Objectives:   The purpose of this study was to characterize the nature of sensory integration abilities in ASD, using a set of stimuli that systematically varied the relationship between speech and co-expressive gesture.  We had two primary aims.  The first aim was to test whether participants integrated speech and complementary gestures, when gesture was not necessary for understanding the speaker’s message (i.e., speech and gesture provided similar semantic information).  The second aim was to test sensory integration of speech and supplementary gesture, when integration was necessary for understanding (i.e., speech alone did not provide adequate information).

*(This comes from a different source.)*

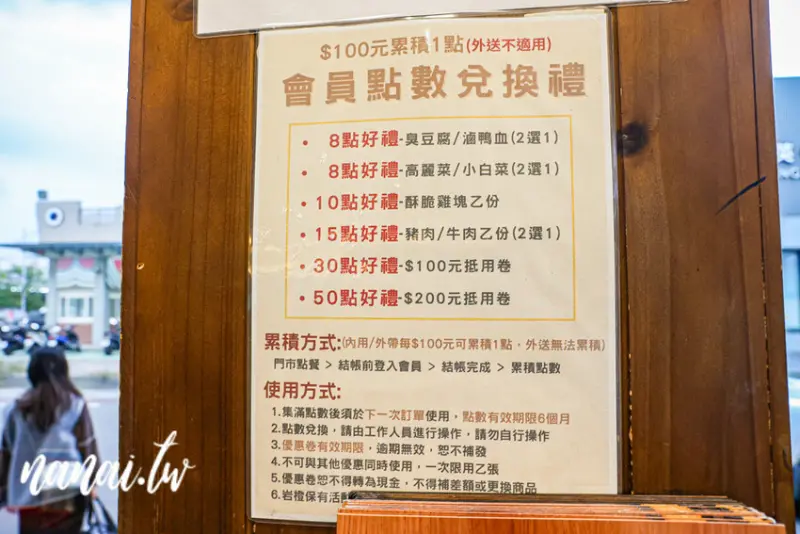 有會員點數兌換禮,只要消費100元可累積1點,集滿八點即可臭豆腐/滷鴨血2選1,集滿50點就送200元抵用卷,喜歡吃的朋友絕對要集好集滿。

Methods:   Participants were 26 adolescents with high-functioning ASD and 25 typically developing controls matched on age, gender, and VIQ.  In Experiment 1, speech and gesture integration was assessed through quantitative analyses of eye fixations during a video-based task. Participants watched a man describing one of four shapes (target, speech competitor, gesture competitor, distractor) shown on a computer screen.  Half of the videos depicted natural speech-and-gesture combinations, while the other half depicted speech-only descriptions.  Participants clicked on the shape that the speaker described. Since gesture typically precedes speech, we hypothesized that TD controls would visually fixate the target shape earlier on speech-and-gesture trials compared to speech-only trials, indicating immediate integration of audiovisual information. We hypothesized that the ASD group would not show this effect. In Experiment 2, participants watched a man describing one of four pictures, this time including a homophone pair (e.g., baseball-bat or animal-bat). The man’s co-expressive gestures provided semantic information required for reference resolution.  Participants clicked on the picture that they thought he described.  Item accuracy scores were analyzed to determine whether participants appropriately integrated speech and gesture.

Results:   Data from Experiment 1 were analyzed using mixed logit models, which predicted the probability that the participant fixated the speech competitor at any point from 200 to 800 ms after the onset of the target word.  The model had fixed effects for group (ASD versus control) and condition (speech-only versus speech-and-gesture), and random intercepts and slopes for participants and items.  The interaction between group and condition was significant (β=.65, z=2.1, p<.05).  For controls, the proportion of trials with a fixation to the speech competitor was significantly reduced in the speech-and-gesture condition (.39) compared to the speech-only condition (.56), suggesting audio-visual integration (β=-.82, z=-3.6, p<.0005).  For the ASD group, the effect of condition was nonsignificant (speech-and-gesture: .42 versus speech-only: .40; z<1).  For Experiment 2, accuracy scores were analyzed using a mixed logit model, which indicated no group differences.

Conclusions: These findings suggest that individuals with ASD fail to integrate gesture and speech when it is beneficial, but not necessary for understanding (Experiment 1).  However, once speech becomes ambiguous, as with homophones, individuals with ASD can utilize semantic information embodied in gesture to improve their comprehension (Experiment 2).